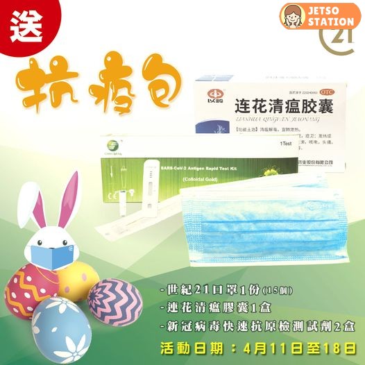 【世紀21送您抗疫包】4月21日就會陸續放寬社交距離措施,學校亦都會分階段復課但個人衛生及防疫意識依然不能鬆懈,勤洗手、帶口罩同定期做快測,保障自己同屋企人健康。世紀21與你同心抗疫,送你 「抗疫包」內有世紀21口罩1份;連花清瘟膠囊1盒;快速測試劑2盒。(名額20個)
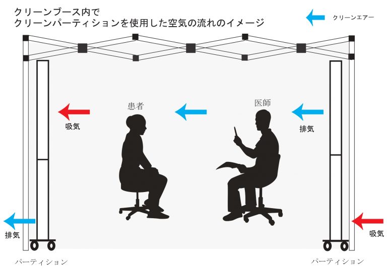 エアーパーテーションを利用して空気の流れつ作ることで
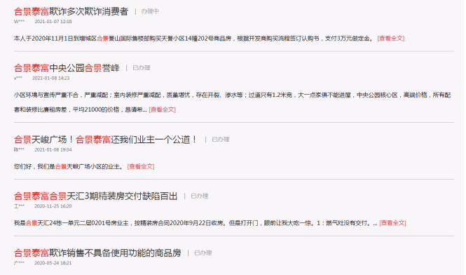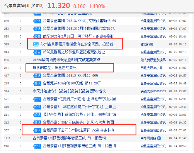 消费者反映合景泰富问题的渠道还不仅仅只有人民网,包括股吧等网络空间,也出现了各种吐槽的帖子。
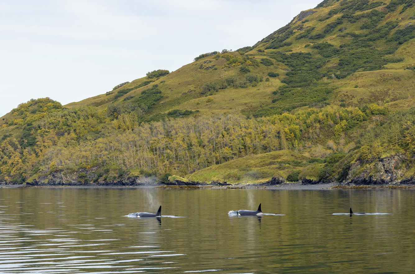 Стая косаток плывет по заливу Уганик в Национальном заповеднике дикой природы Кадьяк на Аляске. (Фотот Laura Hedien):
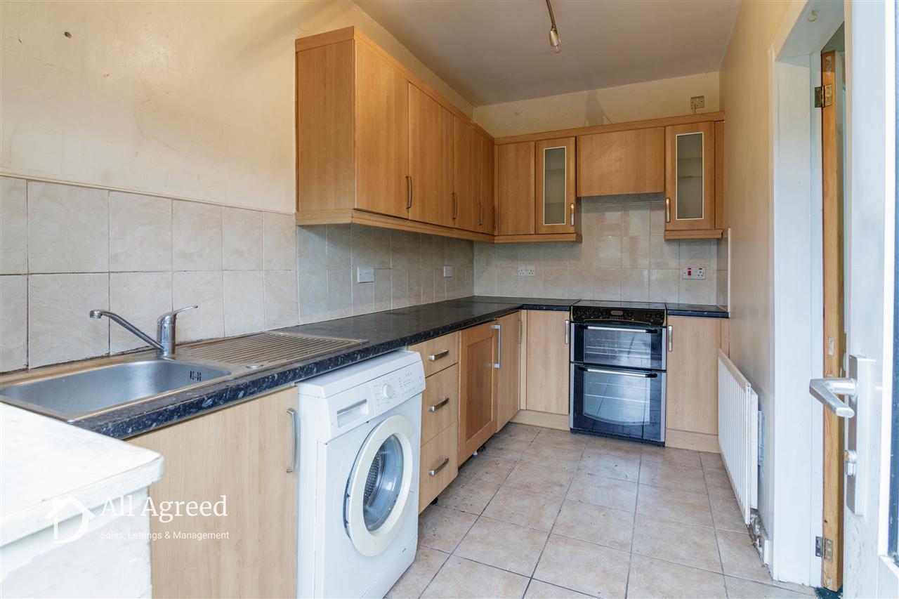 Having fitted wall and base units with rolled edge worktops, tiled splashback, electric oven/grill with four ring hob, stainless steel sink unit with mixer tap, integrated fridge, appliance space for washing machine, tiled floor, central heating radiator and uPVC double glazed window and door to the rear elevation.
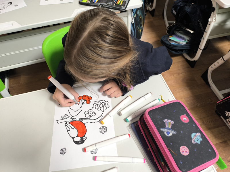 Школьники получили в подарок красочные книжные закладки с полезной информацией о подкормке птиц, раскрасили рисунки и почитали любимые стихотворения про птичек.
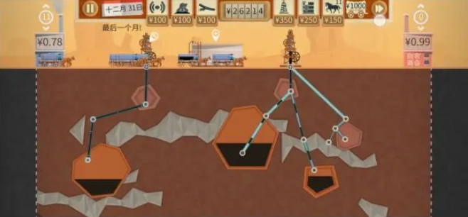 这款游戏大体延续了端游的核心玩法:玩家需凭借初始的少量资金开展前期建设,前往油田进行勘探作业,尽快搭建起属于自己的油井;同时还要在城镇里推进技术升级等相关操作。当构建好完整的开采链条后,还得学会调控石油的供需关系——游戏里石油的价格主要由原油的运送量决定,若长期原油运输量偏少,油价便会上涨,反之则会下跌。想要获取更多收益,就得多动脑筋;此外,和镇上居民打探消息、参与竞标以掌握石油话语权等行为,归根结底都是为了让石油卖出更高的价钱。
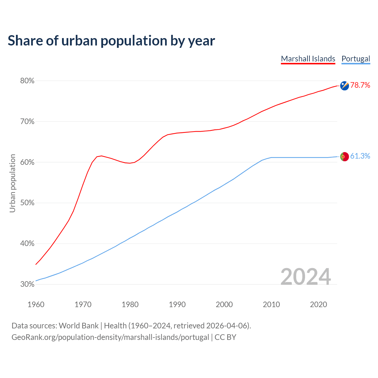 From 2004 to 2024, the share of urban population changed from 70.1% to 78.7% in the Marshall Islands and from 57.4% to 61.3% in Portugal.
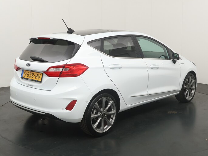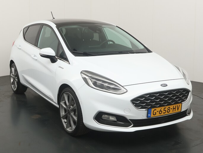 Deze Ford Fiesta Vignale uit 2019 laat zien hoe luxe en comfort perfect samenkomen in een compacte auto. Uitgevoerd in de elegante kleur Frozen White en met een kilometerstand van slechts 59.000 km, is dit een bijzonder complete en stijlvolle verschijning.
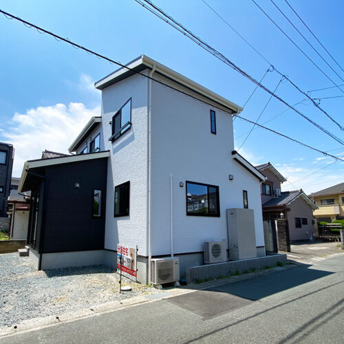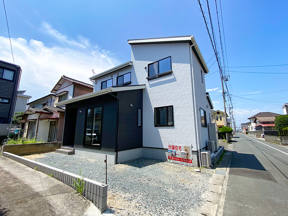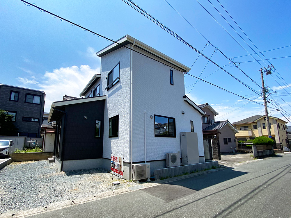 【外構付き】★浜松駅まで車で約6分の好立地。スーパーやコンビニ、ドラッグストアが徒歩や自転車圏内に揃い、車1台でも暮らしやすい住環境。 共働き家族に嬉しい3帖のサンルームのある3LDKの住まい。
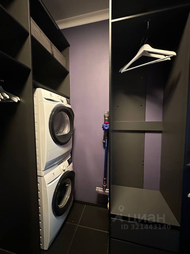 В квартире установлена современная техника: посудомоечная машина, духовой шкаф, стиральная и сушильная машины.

==

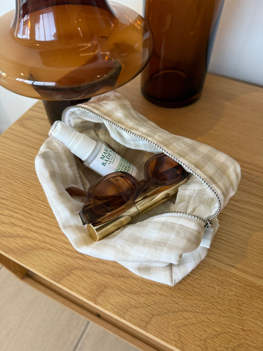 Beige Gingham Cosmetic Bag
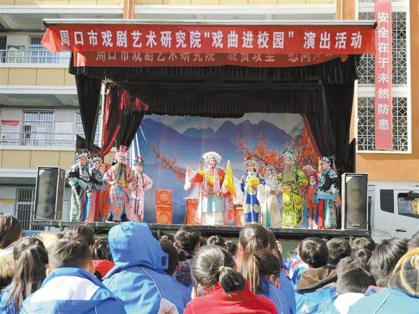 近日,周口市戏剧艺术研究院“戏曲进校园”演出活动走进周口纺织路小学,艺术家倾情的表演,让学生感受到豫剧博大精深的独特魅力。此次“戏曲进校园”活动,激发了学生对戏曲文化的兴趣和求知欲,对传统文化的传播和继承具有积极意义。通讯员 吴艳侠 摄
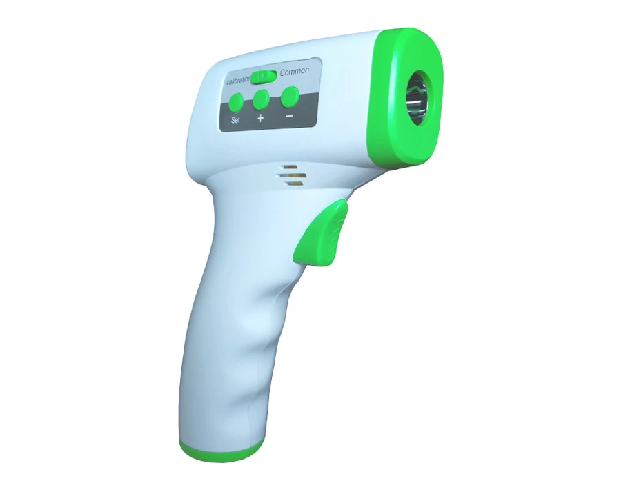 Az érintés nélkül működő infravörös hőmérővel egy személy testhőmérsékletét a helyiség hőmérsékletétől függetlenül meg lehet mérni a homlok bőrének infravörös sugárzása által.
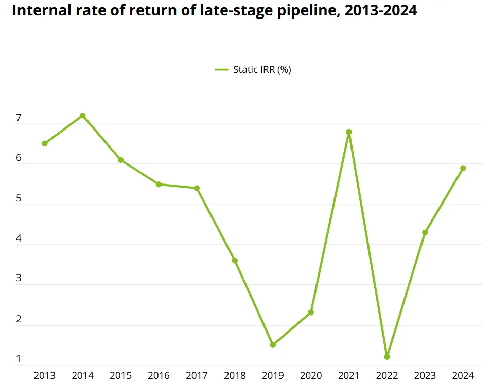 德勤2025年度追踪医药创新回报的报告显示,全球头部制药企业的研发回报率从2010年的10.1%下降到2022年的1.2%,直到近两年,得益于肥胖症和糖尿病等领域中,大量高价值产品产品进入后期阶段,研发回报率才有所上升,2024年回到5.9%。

...

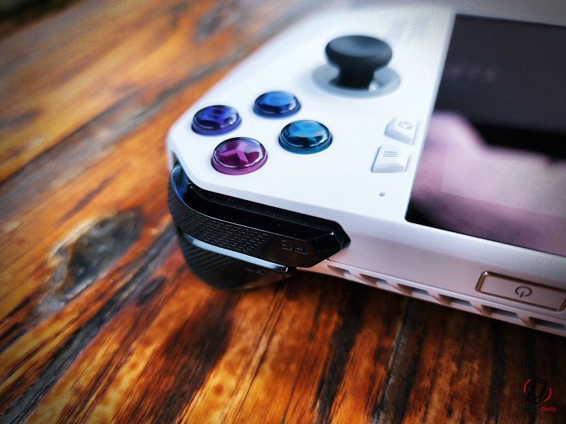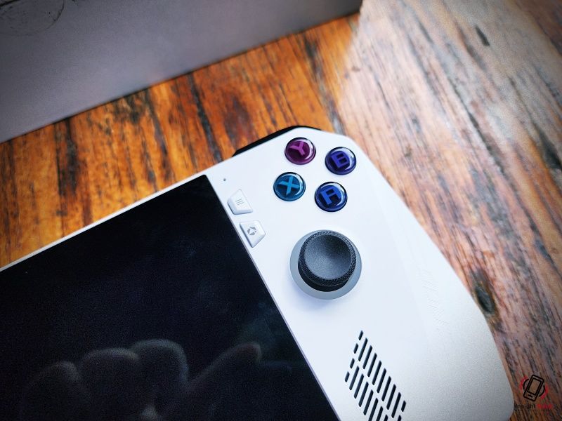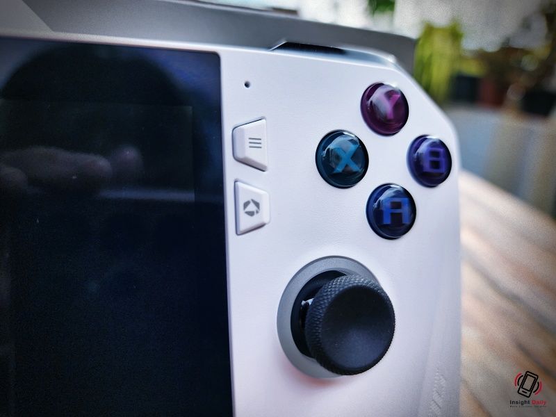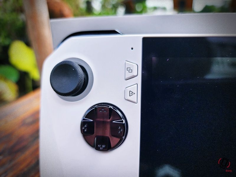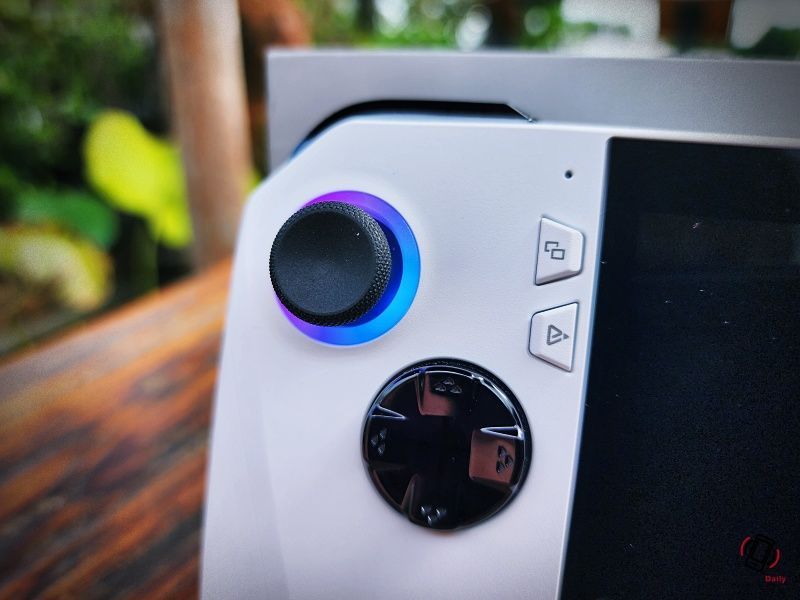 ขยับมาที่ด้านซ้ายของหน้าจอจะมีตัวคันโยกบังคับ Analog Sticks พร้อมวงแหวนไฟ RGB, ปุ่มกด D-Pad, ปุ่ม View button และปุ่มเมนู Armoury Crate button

◆ **Your instructions**
Everything above from the line containing "Az érintés nélkül" down to the line containing "德勤2025年度追踪医药创新" is to be duplicated exactly, both lines included, and the pictures are to be omitted.

◆ **Answer box**
 Az érintés nélkül működő infravörös hőmérővel egy személy testhőmérsékletét a helyiség hőmérsékletétől függetlenül meg lehet mérni a homlok bőrének infravörös sugárzása által.
 德勤2025年度追踪医药创新回报的报告显示,全球头部制药企业的研发回报率从2010年的10.1%下降到2022年的1.2%,直到近两年,得益于肥胖症和糖尿病等领域中,大量高价值产品产品进入后期阶段,研发回报率才有所上升,2024年回到5.9%。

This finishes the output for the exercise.